Dataset entries:
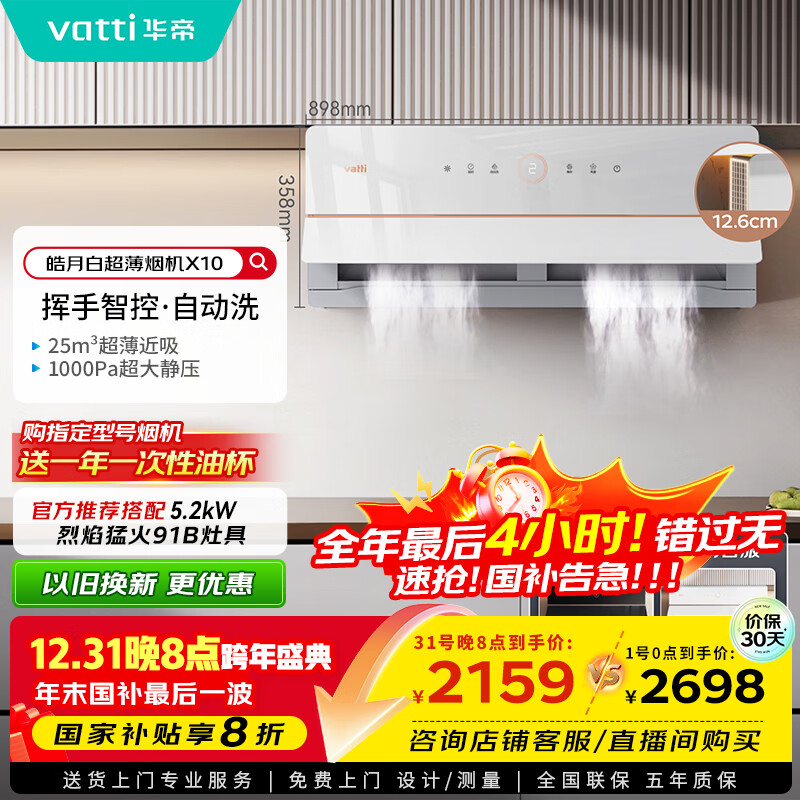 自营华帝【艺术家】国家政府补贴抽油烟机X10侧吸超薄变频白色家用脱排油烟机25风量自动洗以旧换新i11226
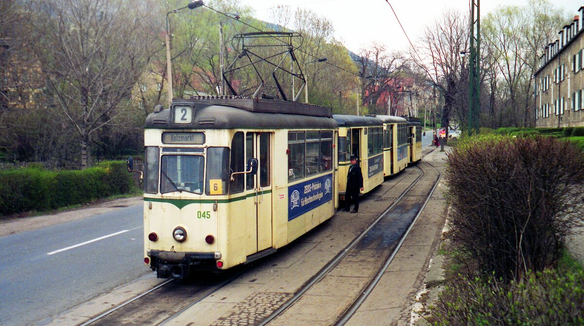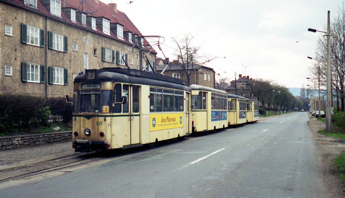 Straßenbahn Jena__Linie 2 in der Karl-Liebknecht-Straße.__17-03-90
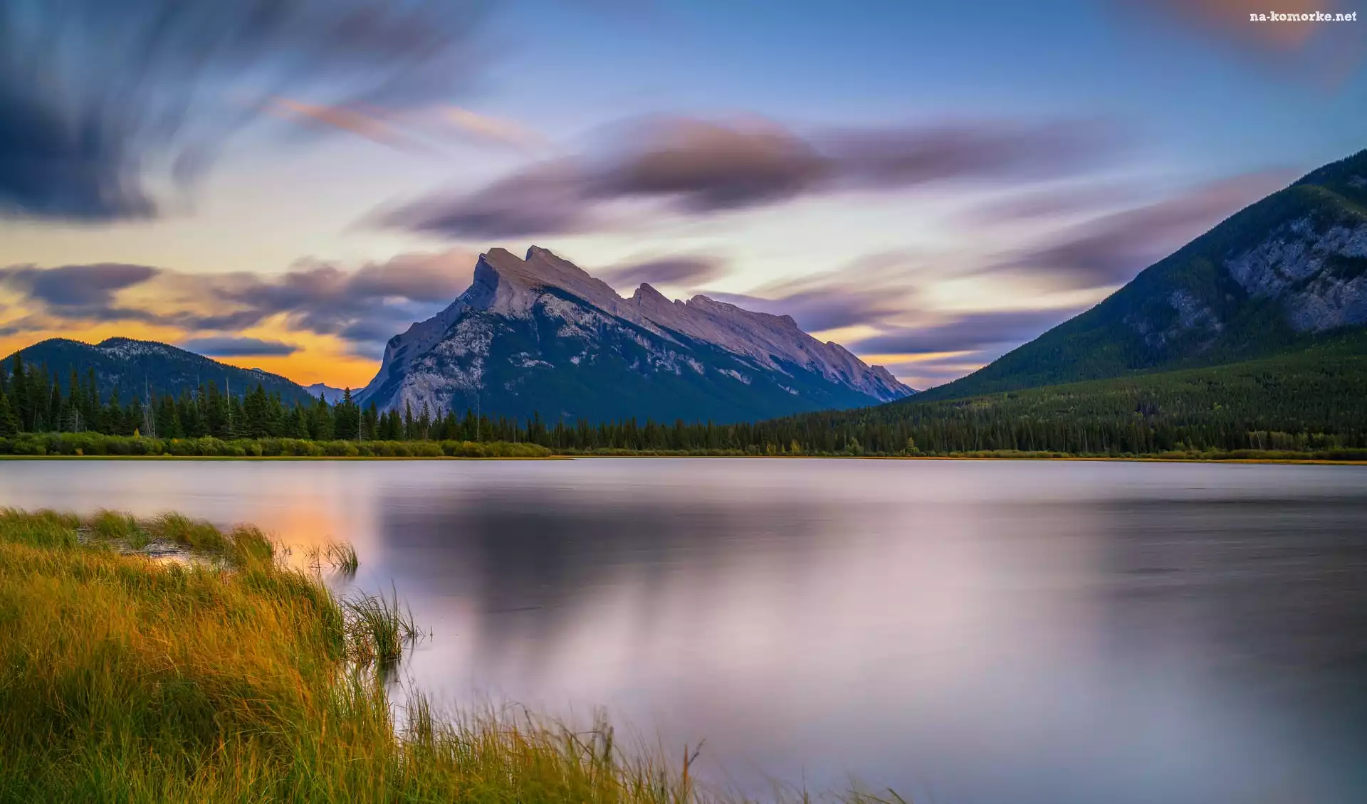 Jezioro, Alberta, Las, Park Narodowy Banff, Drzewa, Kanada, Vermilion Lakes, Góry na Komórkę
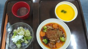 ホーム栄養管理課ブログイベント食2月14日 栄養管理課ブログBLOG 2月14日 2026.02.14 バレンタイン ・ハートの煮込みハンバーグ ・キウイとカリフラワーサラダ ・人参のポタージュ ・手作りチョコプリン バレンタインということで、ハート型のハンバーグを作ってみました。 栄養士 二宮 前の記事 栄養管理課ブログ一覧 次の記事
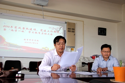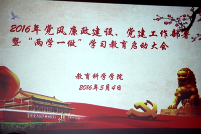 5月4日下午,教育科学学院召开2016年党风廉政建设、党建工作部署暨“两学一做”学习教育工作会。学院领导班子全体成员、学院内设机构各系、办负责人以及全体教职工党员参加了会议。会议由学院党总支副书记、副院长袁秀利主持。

- [Exercise aim]:
Copy out exactly the lines between the line that contains "Straßenbahn Jena__Linie 2" and the last line of the records, both ends included; leave out every picture.

- [Your solution]:
 Straßenbahn Jena__Linie 2 in der Karl-Liebknecht-Straße.__17-03-90
 Jezioro, Alberta, Las, Park Narodowy Banff, Drzewa, Kanada, Vermilion Lakes, Góry na Komórkę
 ホーム栄養管理課ブログイベント食2月14日 栄養管理課ブログBLOG 2月14日 2026.02.14 バレンタイン ・ハートの煮込みハンバーグ ・キウイとカリフラワーサラダ ・人参のポタージュ ・手作りチョコプリン バレンタインということで、ハート型のハンバーグを作ってみました。 栄養士 二宮 前の記事 栄養管理課ブログ一覧 次の記事
 5月4日下午,教育科学学院召开2016年党风廉政建设、党建工作部署暨“两学一做”学习教育工作会。学院领导班子全体成员、学院内设机构各系、办负责人以及全体教职工党员参加了会议。会议由学院党总支副书记、副院长袁秀利主持。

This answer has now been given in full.